Option B — Build from a list (e.g., when transforms come from config)#

from agoge.traj_transforms import build_pipeline, UnwrapChatMessages, TokenizeChats

steps = [
    UnwrapChatMessages(),
    TokenizeChats(processor=your_tokenizer),
]

pipeline = pipeline.from_transforms(*steps)
items = pipeline.run(trajectory)

4) Configure via Hydra#

Compositional Config Approach#

The trajectory buffer uses a compositional config structure that allows you to mix and match transforms flexibly:

defaults:
  - traj_buffer: base
  - traj_buffer/transforms:
    - unwrap_chat_messages
    - tokenize_chats

This approach:

Decouples transforms — Each transform has its own config file in configs/traj_buffer/transforms/
Preserves order — Transforms are applied in the order listed
Enables easy overriding — Swap or reorder transforms via CLI without editing files

Built-in Transform Configs#

Available in configs/traj_buffer/transforms/:

unwrap_chat_messages.yaml — Extracts chat messages from trajectory timesteps
tokenize_chats.yaml — Tokenizes chats for training (requires ${processor})
passthrough_save.yaml — Saves trajectories to disk (configurable via ${traj_output_dir} and ${save_traj_to_file})
simple_evaluator.yaml — LLM-based trajectory evaluation (requires OpenAI API key)

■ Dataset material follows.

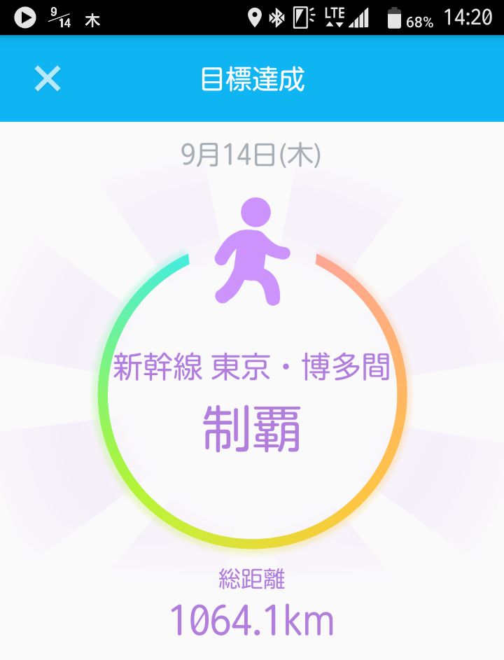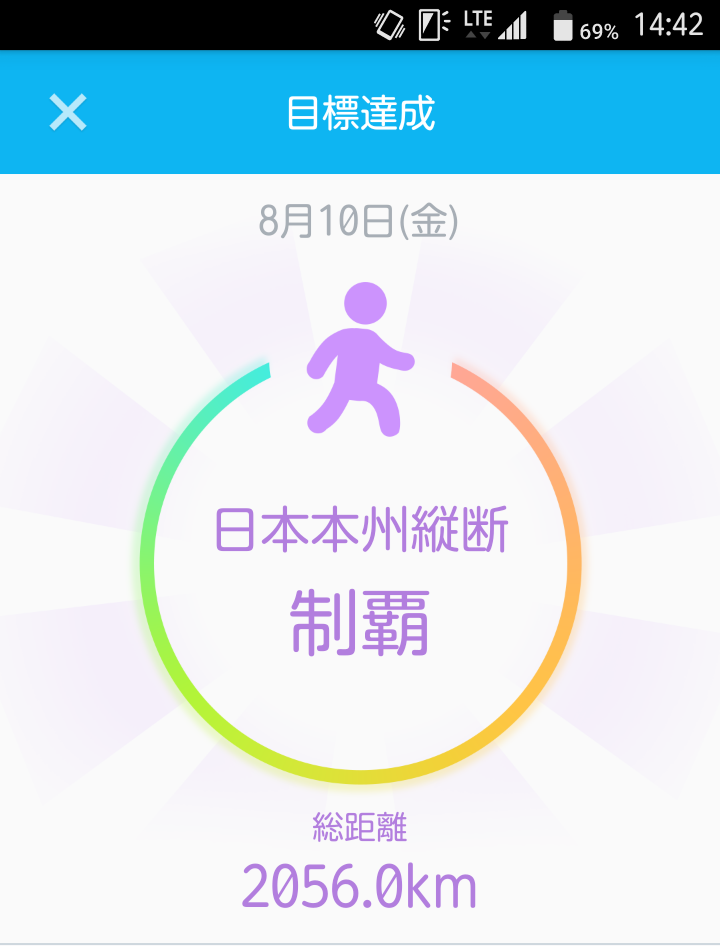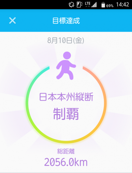 約11ヶ月掛かりました。日々通勤で歩いていたときの年間最高距離は2,600kmなので、最速10ヶ月で達生出来ましたね。

Complete Example: RL Training#

# configs/rl.yaml
defaults:
  - traj_buffer: base
  - traj_buffer/transforms:
    - passthrough_save
    - unwrap_chat_messages
    - tokenize_chats

save_traj_to_file: true
traj_output_dir: ${paths.nfs}/trajectories/

Complete Example: Evaluation#

# configs/eval.yaml
defaults:
  - traj_buffer: base
  - traj_buffer/transforms:
    - simple_evaluator
    - passthrough_save

save_traj_to_file: true
traj_output_dir: ${paths.nfs}/trajectories/

CLI Overrides#

Reorder or customize transforms from the command line:

# Change transform order
uv run src/agoge/entrypoints/rl.py \
  'traj_buffer/transforms=[tokenize_chats,passthrough_save,unwrap_chat_messages]'

# Use only specific transforms
uv run src/agoge/entrypoints/eval.py \
  'traj_buffer/transforms=[simple_evaluator]'

# Disable trajectory saving
uv run src/agoge/entrypoints/eval.py \
  save_traj_to_file=false

NOTE For convenience (and because they are not easy to override in the main config), we define save_traj_to_file and traj_output_dir as a top level configuration, and link it to the PassthroughSave transform.

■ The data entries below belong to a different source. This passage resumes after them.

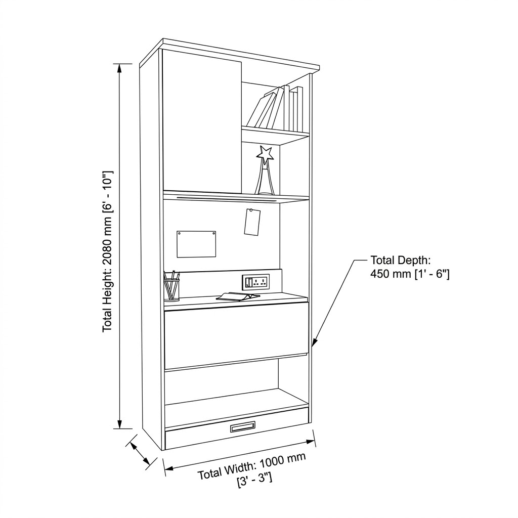 The Pluto Work-From-Home Unit is thoughtfully designed to create a highly functional and organized workspace within a compact footprint. Combining style with practicality, this unit is perfect for modern homes where space optimization is essential.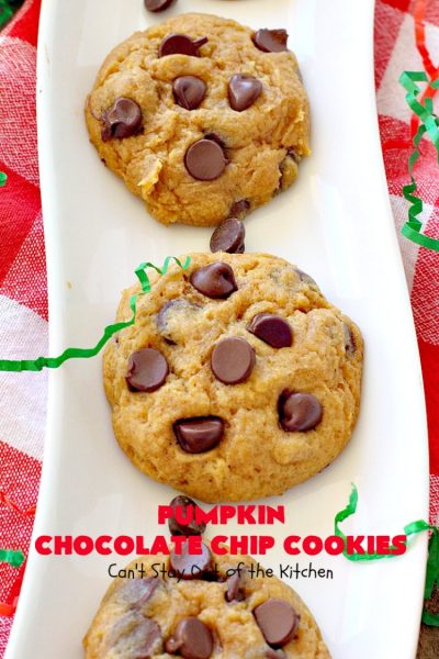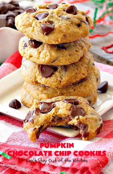 These delectable Pumpkin Chocolate Chip Cookies are perfect for fall baking, holiday parties, Christmas Cookie Exchanges and even tailgating parties!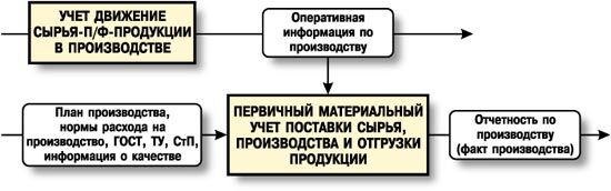 Первичный материальный учет поставки сырья, производства и отгрузки продукции.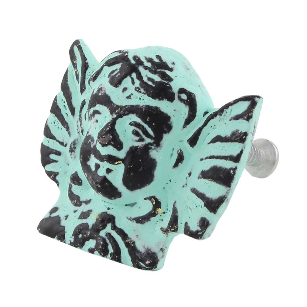 The Aqua Angel Distressed Iron Cabinet Knob features a beautifully crafted angel design in a calming aqua hue. Its soft, tranquil color, combined with intricate detailing, offers a gentle yet striking addition to any piece of furniture. Perfect for those seeking a blend of elegance and peaceful charm in their home decor.

Hydra and TrajectoryBuffer will instantiate the pipeline, and the buffer will use it to take it from the input to the output queue.

5) Write your own transform#

A transform receives the current value and the original Trajectory, and returns the next value. Example: persist the original trajectory to disk and pass the input through untouched.

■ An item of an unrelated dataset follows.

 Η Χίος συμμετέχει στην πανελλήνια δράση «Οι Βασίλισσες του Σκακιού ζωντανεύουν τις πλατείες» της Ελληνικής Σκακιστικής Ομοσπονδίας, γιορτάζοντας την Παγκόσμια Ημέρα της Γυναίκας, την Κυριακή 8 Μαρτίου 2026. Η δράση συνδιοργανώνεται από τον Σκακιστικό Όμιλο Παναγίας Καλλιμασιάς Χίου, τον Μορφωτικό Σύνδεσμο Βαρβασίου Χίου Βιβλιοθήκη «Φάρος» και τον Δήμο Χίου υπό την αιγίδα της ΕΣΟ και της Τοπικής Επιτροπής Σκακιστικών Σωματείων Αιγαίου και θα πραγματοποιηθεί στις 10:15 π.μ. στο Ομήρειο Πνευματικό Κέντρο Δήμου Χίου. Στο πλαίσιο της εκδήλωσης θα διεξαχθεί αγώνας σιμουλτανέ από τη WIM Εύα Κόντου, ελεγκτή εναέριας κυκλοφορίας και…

from typing import TypeVar
from pathlib import Path
import json, uuid
from agoge.schema import Trajectory
from agoge.traj_transforms import TrajectoryTransform

T = TypeVar("T")

class PassthroughSave(TrajectoryTransform[T, T]):
    def __init__(self, output_dir: str):
        self.output = Path(output_dir)
        self.output.mkdir(parents=True, exist_ok=True)

    def __call__(self, current: T, original: Trajectory) -> T:
        path = self.output / f"{uuid.uuid4()}.json"
        with path.open("w", encoding="utf-8") as f:
            json.dump(original.model_dump(), f)
        return current # We pass "current" unchanged so that this transform can be placed anywhere.

Use programmatically#

pipeline = (
    TrajectoryPipeline.start()
    .then(PassthroughSave("debug_trajs/"))
    .then(UnwrapChatMessages())
    .then(TokenizeChats(processor=your_tokenizer))
)

Integrate into config system#

Create a config file at configs/traj_buffer/transforms/passthrough_save.yaml:

passthrough_save:
  _target_: agoge.traj_transforms.PassthroughSave
  output_dir: ${paths.output_dir}/trajectories/

Then use it in your entrypoint config:

defaults:
  - traj_buffer: base
  - traj_buffer/transforms:
    - passthrough_save
    - unwrap_chat_messages

Or override from CLI:

uv run src/agoge/entrypoints/rl.py \
  'traj_buffer/transforms=[passthrough_save]' \
  'traj_buffer.transforms.passthrough_save.output_dir=/tmp/my_trajs/'

6) Recap#

Input: one Trajectory.
TrajectoryPipeline: series of typed transforms.
Output: list of training items (e.g., list of dictionary with {input_ids, labels}).
Buffer: iterates items and feeds the training loader.